In Hungary, dubbing is almost universally common. Almost every foreign movie or TV show released in Hungary is dubbed into Hungarian. The history of dubbing dates back to the 1950s, when the country was still under communist rule. One of the most iconic Hungarian dubs was of the American cartoon The Flintstones, with a local translation by József Romhányi. The Internetes Szinkron Adatbázis (ISzDB) is the largest Hungarian database for film dubs, with information for many live action and animated films. On page 59 of the Eurobarometer, 84% of Hungarians said that they prefer dubbing over subtitles.

====Italy====
Italian dubbing led to the creation of a variation of the language heavily influenced by the source language of most works, especially based on works originally in the English language: doppiaggese (or dubbese).

====Poland====
In the past, foreign movies were all subtitled in Polish.

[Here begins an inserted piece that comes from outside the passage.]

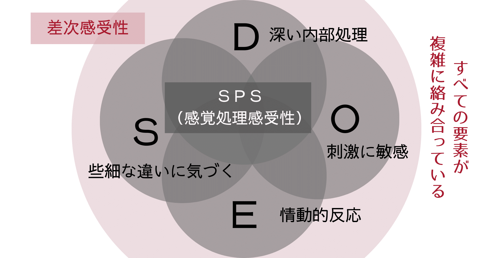「O」に進む前に、今回もまず一つだけ注意点を。SPS(感覚処理感受性)をわかりやすく理解するための基準「DOES」は、それぞれが複雑に絡み合い影響し合っています。今回の「O」も然り。このあと考える「E」や「S」と関係しているのですね。人間の心理構造はとても入り組んでいるからです。これらを別々のものと捉えるのでなく下の図のように受け止めておくとよいかもしれません。

In the 1980s, due to budget cuts, state-run TV saved on tapes by voicing films over live during transmission. Overall, during 1948–1998, almost 1,000 films were dubbed in Polish. In the 1990s, dubbing films and TV series continued, although often also for one emission only. In 1995, Canal+ was launched in Poland. In its first years, it dubbed 30% of its schedule, including popular films and TV series such as Friends, but this proved unsuccessful.

====Spain====
In Spain, dubbing has been more widespread since 1932, when the Second Republic decided to introduce it in Madrid and Barcelona. The first film dubbed into Spanish to be known was Devil and the Deep, in 1932. Dubbing, after the Spanish Civil War, was reinforced by the regulations promulgated by the Government of Francisco Franco on April 23, 1941, at its time based on Mussolini's Language Defense Law of 1938. This law had two political purposes: Nationalism through linguistic identity and, more subtly, control through censorship of foreign ideas that could be alien to national interests.

===Latin America===
====Brazil====
In Brazil, foreign programs are invariably dubbed into Brazilian Portuguese on free-to-air TV, with only a few exceptions. Films shown at cinemas are generally offered with both subtitled and dubbed versions, with dubbing frequently being the only choice for children's movies. Subtitling was primarily for adult audience movies until 2012. Since then, dubbed versions also became available for all ages. As a result, in recent years, more cinemas have opened in Brazil, attracting new audiences to the cinema who prefer dubbing. According to a Datafolha survey, 56% of Brazilian movie theaters' audience prefer to watch dubbed movies. Most of the dubbing studios in Brazil are in the cities of Rio de Janeiro and São Paulo. Because of the limited global market for Portuguese-language dubbing companies, Brazilian-made dubs are frequently exported to the rest of the Portuguese-speaking world, including Portugal itself.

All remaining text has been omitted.